`EQX_ON_ERROR=breakpoint` and `diffeqsolve` causes tracer leakage ?
Hi Patrick, i'm getting weird behavior with HEAD and its use with EQX_ON_ERROR=breakpoint.
Here is a MWE :
import jax
import jax.numpy as jnp
import diffrax
with jax.checking_leaks():
ts = jnp.linspace(0.0, 1.0, 10)
ys = diffrax.diffeqsolve(
diffrax.ODETerm(lambda t, y, args: -y),
diffrax.Bosh3(),
t0=ts[0],
t1=ts[-1],
dt0=ts[1] - ts[0],
y0=jnp.ones((1, )),
saveat=diffrax.SaveAt(ts=ts),
)
Launching the file once is OK.
Then if I set the bash variable export EQX_ON_ERROR=breakpoint in another terminal and re-run the MWE, the error stack outputs leaked tracers (and EQX_ON_ERROR=breakpoint doesn't open a jax.debug.breakpoint where the error arises) :
Traceback (most recent call last):
File "/home/monsel/Desktop/sandbox_diffrax/mwe.py", line 10, in <module>
ys = diffrax.diffeqsolve(
File "/home/monsel/miniconda3/envs/sandbox_diffrax/lib/python3.10/site-packages/equinox/_jit.py", line 239, in __call__
return self._call(False, args, kwargs)
File "/home/monsel/miniconda3/envs/sandbox_diffrax/lib/python3.10/site-packages/equinox/_module.py", line 1093, in __call__
return self.__func__(self.__self__, *args, **kwargs)

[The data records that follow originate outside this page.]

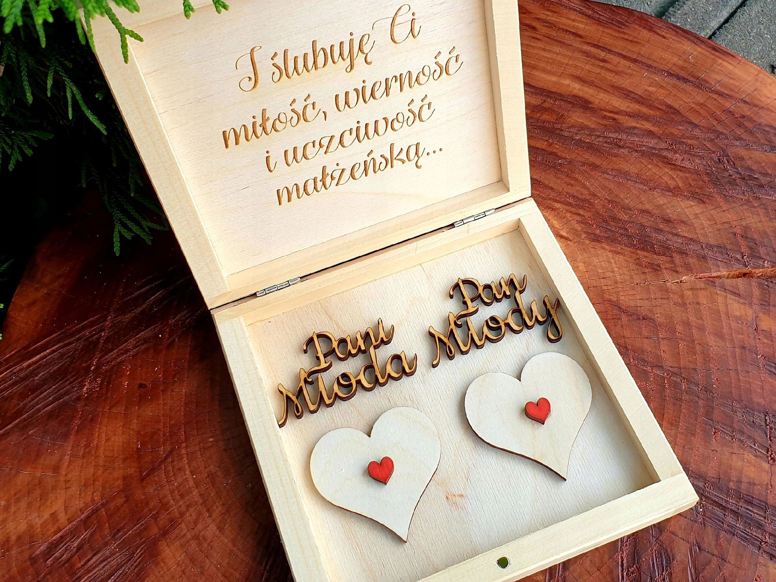 • Pudełko drewniane NA KOPERTY ślubne w kolorze naturalnym z indywidualnym grawerem
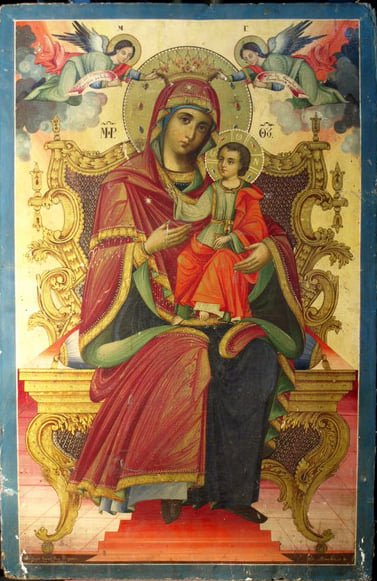 Ikona “Shën Mëria në fron me Krishtin” është pikturuar gjatë fundit të shekullit të XIX, për të zbukuruar kishën e fshatit Sinicë në Korçë.
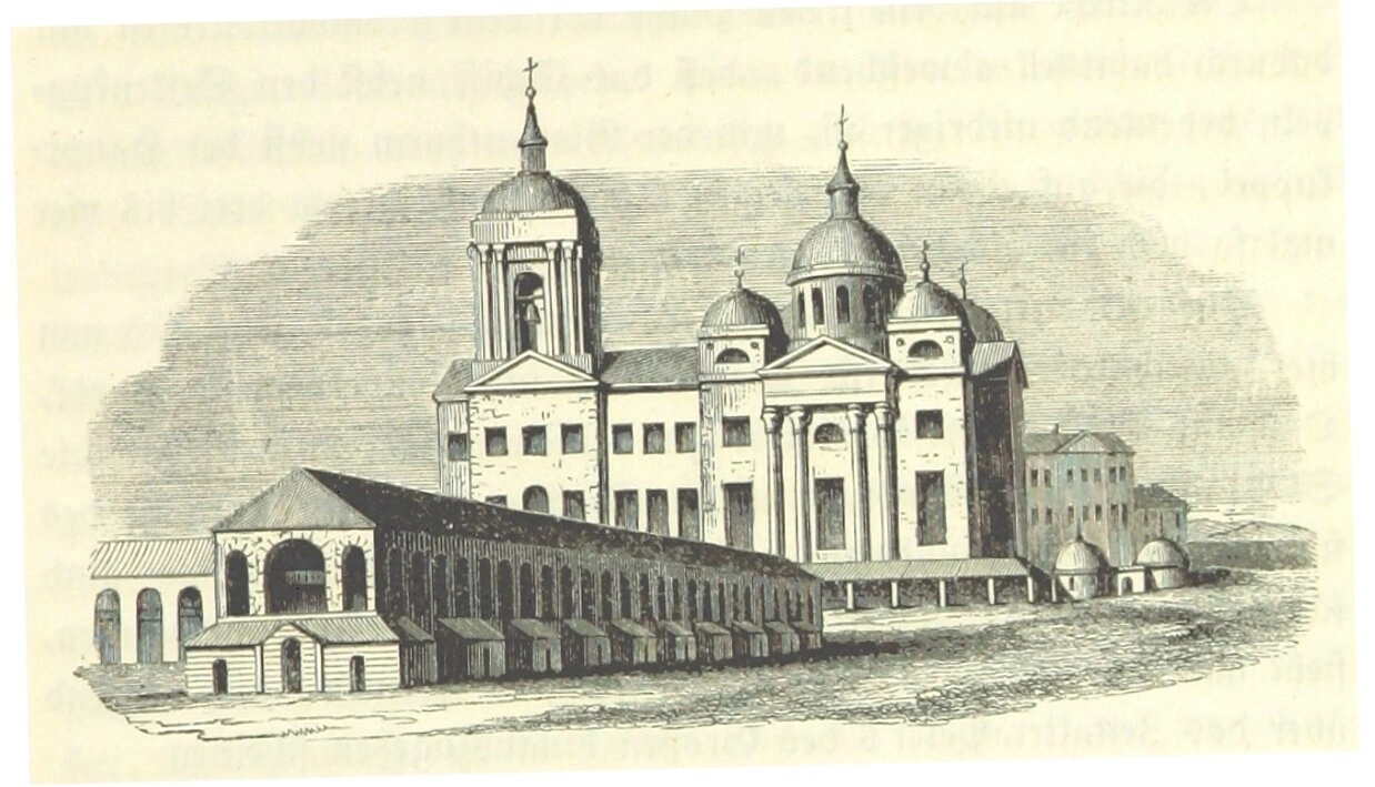 Спасо-Преображенский собор в Белгороде на гравюре 1844 года
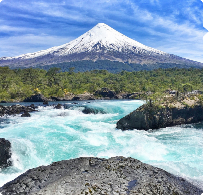 Dans l'après-midi, visite de Petrohue. Situé au cœur de la région des Lacs, Petrohué est une véritable perle naturelle du sud du Chili. Niché au sein du Parc National Vicente Pérez Rosales, ce site enchanteur est célèbre pour ses rapides de Petrohué, où l’eau turquoise issue du lac Todos los Santos dévale des formations rocheuses volcaniques, sculptées au fil des siècles par la lave et l’érosion.
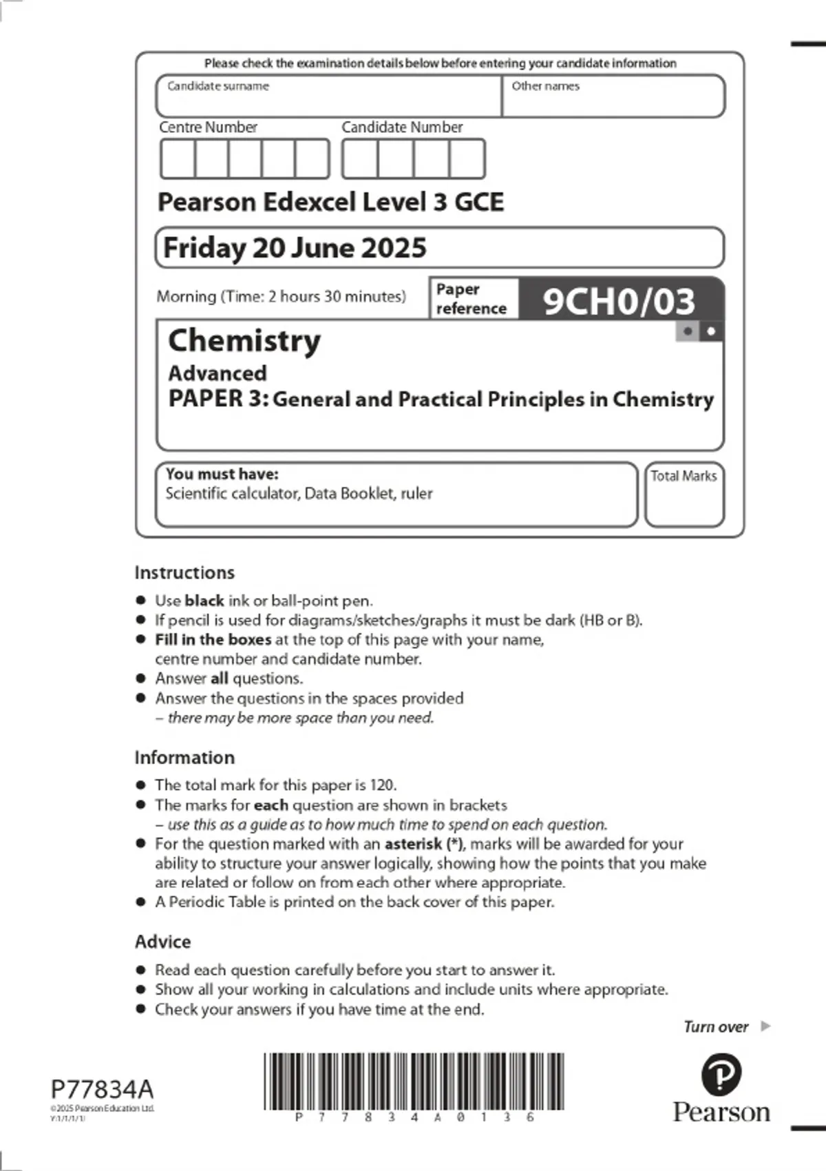 2025 Pearson Edexcel Level 3 GCE Chemistry Advanced PAPER 3: General and Practical Principles in Chemistry Combined Question Paper and Marking Scheme
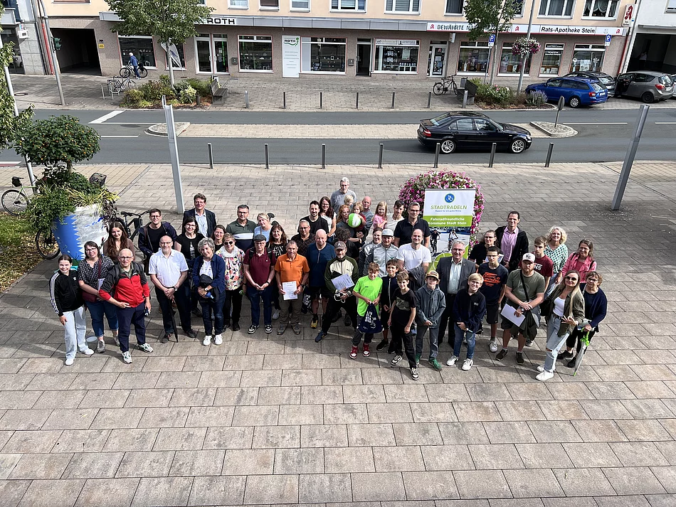Am 16. Juli 2025 versammelten sich zahlreiche Radbegeisterte vor dem Steiner Rathaus, um gemeinsam mit Ersten Bürgermeister Kurt Krömer die Preisverleihung zum diesjährigen STADTRADELN zu feiern.
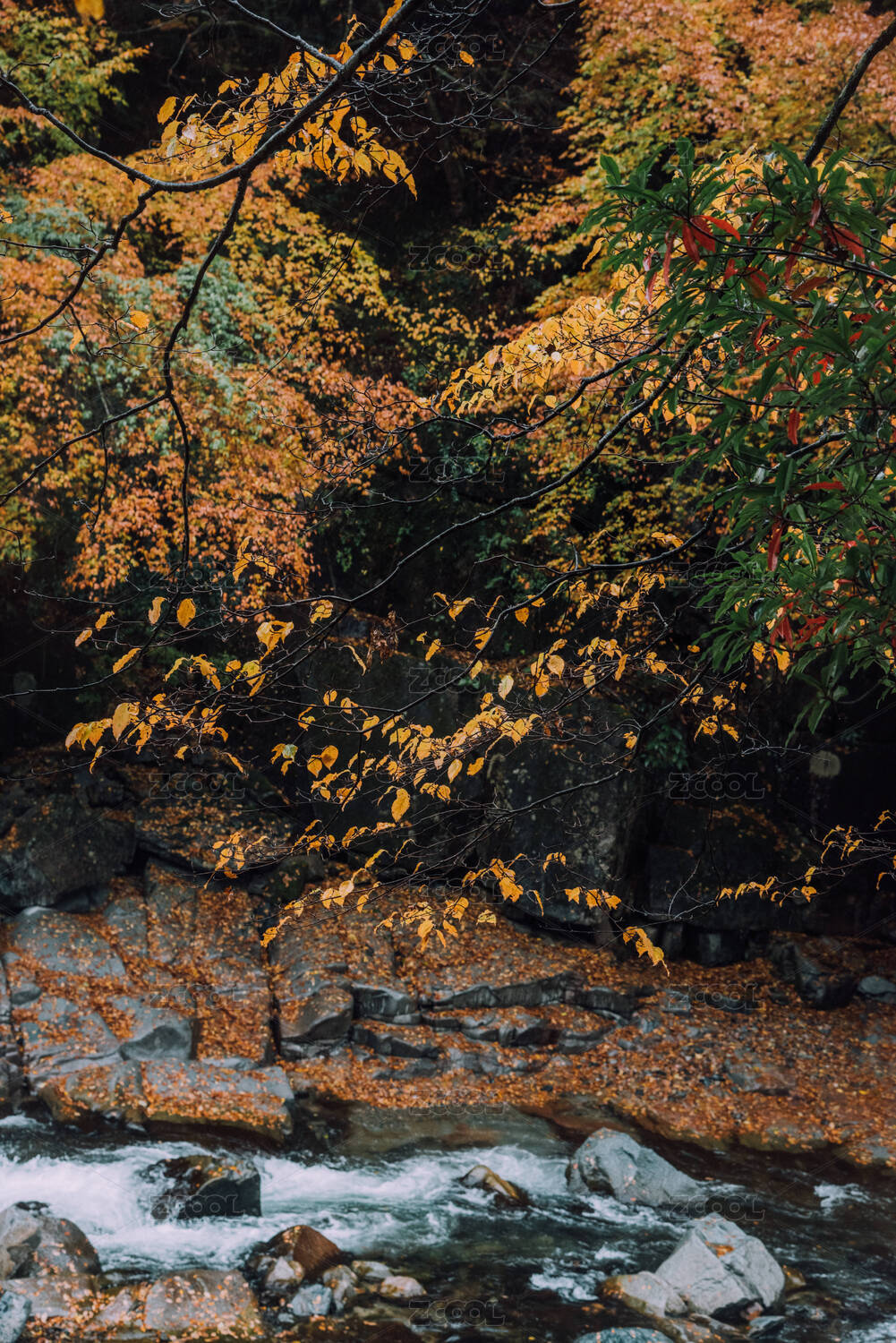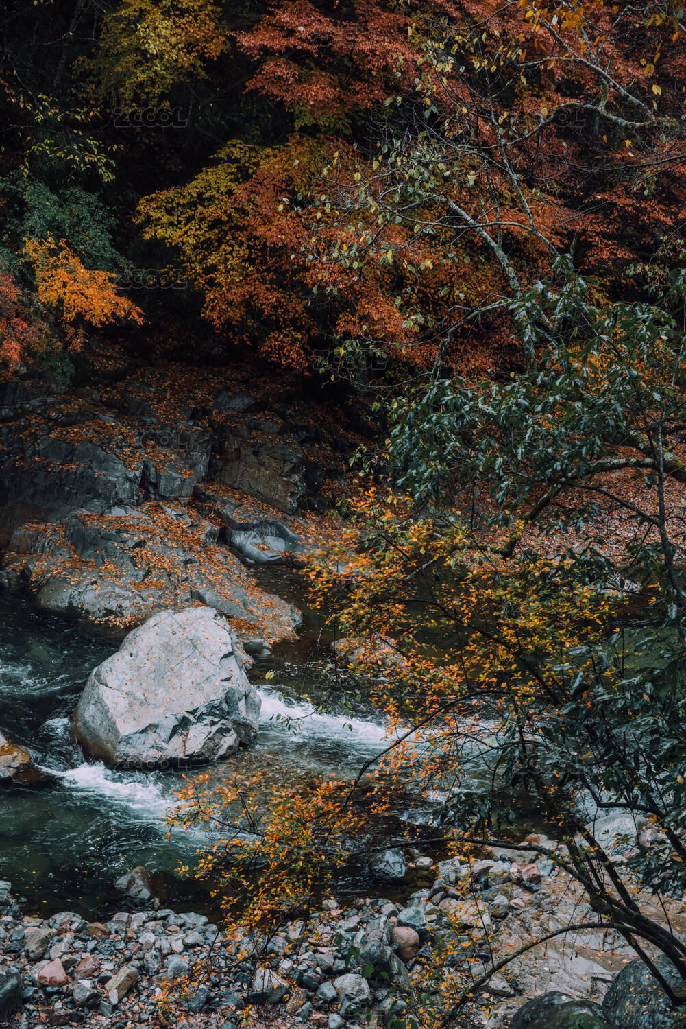 中国四川巴中光雾山景区米仓山黑熊沟的红叶
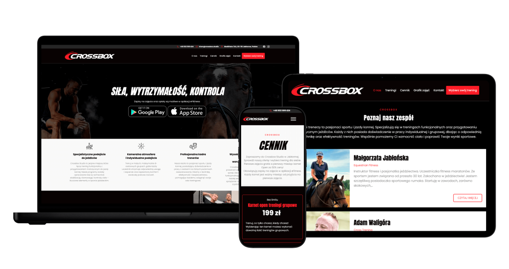 CrossBox Studio to przestrzeń stworzona dla osób, które chcą ćwiczyć w kameralnej atmosferze i z profesjonalnym wsparciem. Naszym zadaniem było zaprojektowanie i wdrożenie strony internetowej, która odda charakter tego miejsca – nowoczesnego, dynamicznego i pełnego pozytywnej energii.
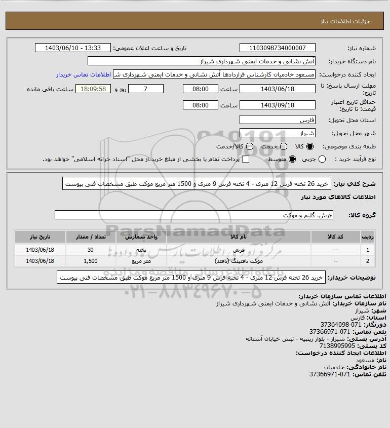شرح کلی نیاز: خرید 26 تخته فرش 12 متری - 4 تخته فرش 9 متری و 1500 متر مربع موکت طبق مشخصات فنی پیوست
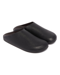 The Row Black Hudson Leather Sandals. Black leather upper, rounded toe, contoured footbed, rubber sole. Slip-on style. DETAILS Model: F2118L636BLK Composition: Upper: 100% Leather; Sole: 100% Rubber Made in: ITALY Season: FW25-26
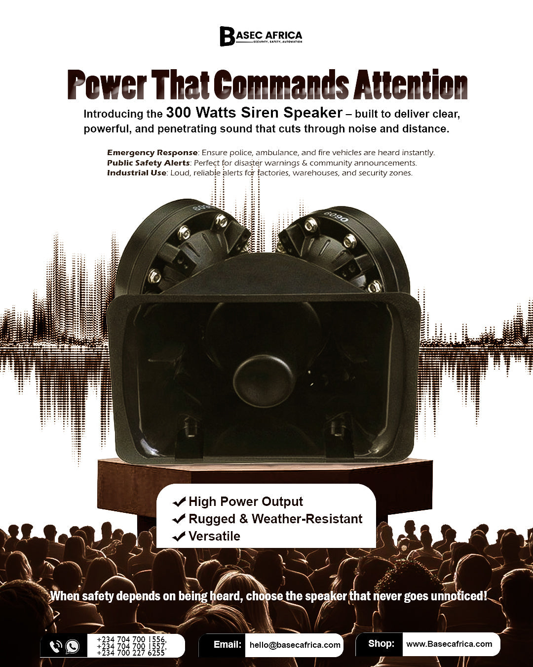 Don't compromise on safety communication. When every second counts and every message must be heard, trust the 300 Watts Siren Speaker from Basec Africa.

File "/home/monsel/miniconda3/envs/sandbox_diffrax/lib/python3.10/site-packages/equinox/_jit.py", line 212, in _call
out = self._cached(dynamic_donate, dynamic_nodonate, static)
File "/home/monsel/miniconda3/envs/sandbox_diffrax/lib/python3.10/site-packages/equinox/_errors.py", line 187, in fixed_jit_impl
return jit_fun(*args2, **kwargs2)
File "/home/monsel/miniconda3/envs/sandbox_diffrax/lib/python3.10/contextlib.py", line 142, in __exit__
next(self.gen)
Exception: Leaked trace MainTrace(1,DynamicJaxprTrace). Leaked tracer(s):
Traced<ShapedArray(float32[1])>with<DynamicJaxprTrace(level=1/0)>
This DynamicJaxprTracer was created on line /home/monsel/Desktop/sandbox_diffrax/mwe.py:10 (<module>)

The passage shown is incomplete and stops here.